Friday, May 31, 2013
While for many Conlawprofs Loving v. Virginia is the "face" of love and marriage across racial divides, looking both backward and forward from the 1967 case can add depth to teaching and scholarship about the issue. (And if it seems not to be an issue any longer, a quick look at the "controversy" caused by a cereal advertisement featuring an interracial couple and their child is worth considering).
Professor Angela Onwuachi-Willig's new book, According to Our Hearts: Rhinelander v. Rhinelander and the Law of the Multiracial Family, just published by Yale University Press, provides that depth.

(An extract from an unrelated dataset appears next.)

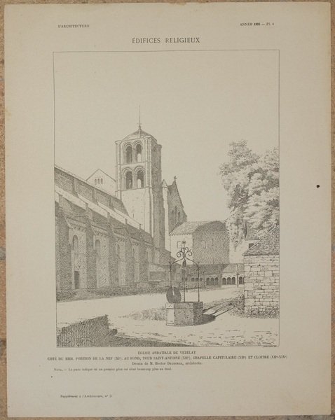 EGLISE ABBATIALE DE VEZELAY COTE DU MIDI PORTION DE LA NEF (XI) AU FOND, TOUR SAINT ANTOINE (XII) CHAPELLE CAPITULAIRE (XII) ET CLOITRE (XII-XIX) Dessin de M. Hector Degeorge architecte

Her exploration focuses on Rhinelander v. Rhinelander, a case that did not involve a constitutional issue, except to the extent that racial categorizations always implicate issues of constitutionalism and equality. As Onwuachi-Willig describes in a piece in the UC Davis Law Review,
Alice Beatrice Jones was a working-class woman, who met Leonard Kip Rhinelander, a wealthy white male descendant of the Huguenots and heir to millions of dollars, in the fall of 1921. . . . [They married in a private ceremony and] Just two weeks later, on November 26, 1924, Leonard filed for annulment of his marriage to Alice. He argued that Alice had lied to him about her race. Leonard claimed that Alice had committed fraud that made their marriage void by telling him that she was white and by failing to inform him that she was of “colored blood.”
Rather than litigate her whiteness as many expected, she argued that he knew her racial status.
The trial of the Rhinelanders proved to be shocking on many fronts. It involved racy love letters, tales of pre-marital lust and sex, and the exhibition of Alice’s breasts, legs, and arms in the courtroom to prove that Leonard, who had seen her naked before marriage, would have known that she was colored at the time of their nuptials. What was most scandalous about the Rhinelander case, however, was the trial’s end. The jury returned a verdict for Alice, determining that Leonard knew her racial background before marriage yet married her anyway.
Onwuachi-Willig's book also provides contemporary arguments that current law fails to protect interracial couples, especially given the privileges that continue to be accorded on the basis of marriage.
As we wait for both Fisher v. UT and the same-sex marriage cases of Perry and Windsor, or as we contemplate their meanings once the opinions are rendered, Onwuachi-Willig's book is an important and pleasurable read.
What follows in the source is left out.